Neural Networks are computational models inspired by the human brain's structure and functionality. They consist of layers of interconnected nodes, known as neurons, which process and transmit information. Each neuron receives input, applies a transformation through an activation function, and passes the output to subsequent layers. Neural networks are designed to recognize patterns, learn from data, and make intelligent decisions or predictions.

**Definition 3.7.2**

Structure of Neural Networks:
* Input Layer: Receives the initial data.
* Hidden Layers: Intermediate layers that transform the input using weights, biases, and activation functions.
* Output Layer: Produces the final prediction or classification.


##**3.7.1: Mathematical Formulation**

**Definition 3.7.3**

In a neural network, each neuron performs a weighted sum of its inputs, adds a bias, and applies an activation function to produce its output. This process can be mathematically described as follows for layer $𝑙$:
* $\begin{aligned}
\mathbf{Z}^{(l)} = \mathbf{W}^{(l)} \mathbf{A}^{(l-1)} + \mathbf{b}^{(l)} \\
\mathbf{A}^{(l)}= \sigma(\mathbf{Z}^{(l)})
\end{aligned}$

Where,
* $\mathbf{W}^{(l)} \in \mathbb{R}^{n^{(l)} \times n^{(l-1)}}$ is the weight matrix for layer $𝑙$
* $\mathbf{b}^{(l)} \in \mathbb{R}^{n^{(l)} \times 1}$ is the bias vector for layer $𝑙$
* $\mathbf{A}^{(l-1)} \in \mathbb{R}^{n^{(l-1)} \times m}$  is the activation matrix from the previous layer
* $\mathbf{Z}^{(l)} \in \mathbb{R}^{n^{(l)} \times m}$ is the linear combination of inputs and weights
* $\mathbf{A}^{(l)} \in \mathbb{R}^{n^{(l)} \times m}$  is the activation output.
* $σ$ is the activation function.
* $𝑚$ is the number of training examples.
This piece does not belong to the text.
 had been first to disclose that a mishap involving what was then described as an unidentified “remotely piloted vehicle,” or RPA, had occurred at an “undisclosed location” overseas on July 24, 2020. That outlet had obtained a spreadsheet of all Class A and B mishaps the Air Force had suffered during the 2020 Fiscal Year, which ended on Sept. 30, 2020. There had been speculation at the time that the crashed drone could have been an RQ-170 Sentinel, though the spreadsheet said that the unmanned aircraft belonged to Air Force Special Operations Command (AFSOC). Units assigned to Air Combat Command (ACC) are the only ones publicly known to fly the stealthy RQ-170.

**Example 3.7.1: Simple Neural Network**

Objective: Initialization of parameters and forward propagation for a simple neural network

In [1]:
# Neural Networks: Initialization and Forward Propagation

import numpy as np

# Initialize parameters
def initialize_parameters(layer_dims):
    """
    Initialize weights and biases for each layer.

    Arguments:
    layer_dims -- List containing the dimensions of each layer.

    Returns:
    parameters -- Dictionary containing initialized weights and biases.
    """
    np.random.seed(42)
    parameters = {}
    L = len(layer_dims)  # Number of layers

    for l in range(1, L):
        parameters[f"W{l}"] = np.random.randn(layer_dims[l], layer_dims[l-1]) * 0.01
        parameters[f"b{l}"] = np.zeros((layer_dims[l], 1))

    return parameters

# Forward propagation
def forward_propagation(X, parameters):
    """
    Implement forward propagation for the neural network.

    Arguments:
    X -- Input data of shape (n_x, m).
    parameters -- Dictionary containing weights and biases.

    Returns:
    activations -- Dictionary containing activations for each layer.
    """
    activations = {"A0": X}
    L = len(parameters) // 2  # Number of layers

    for l in range(1, L + 1):
        W = parameters[f"W{l}"]
        b = parameters[f"b{l}"]
        Z = np.dot(W, activations[f"A{l-1}"]) + b
        A = relu(Z)  # Using ReLU activation
        activations[f"A{l}"] = A

    return activations

# ReLU Activation Function
def relu(x):
    """ReLU activation function."""
    return np.maximum(0, x)

# Example usage
if __name__ == "__main__":
    # Define layer dimensions
    layer_dims = [2, 4, 1]  # 2-input features, 4 neurons in hidden layer, 1 output neuron

    # Initialize parameters
    parameters = initialize_parameters(layer_dims)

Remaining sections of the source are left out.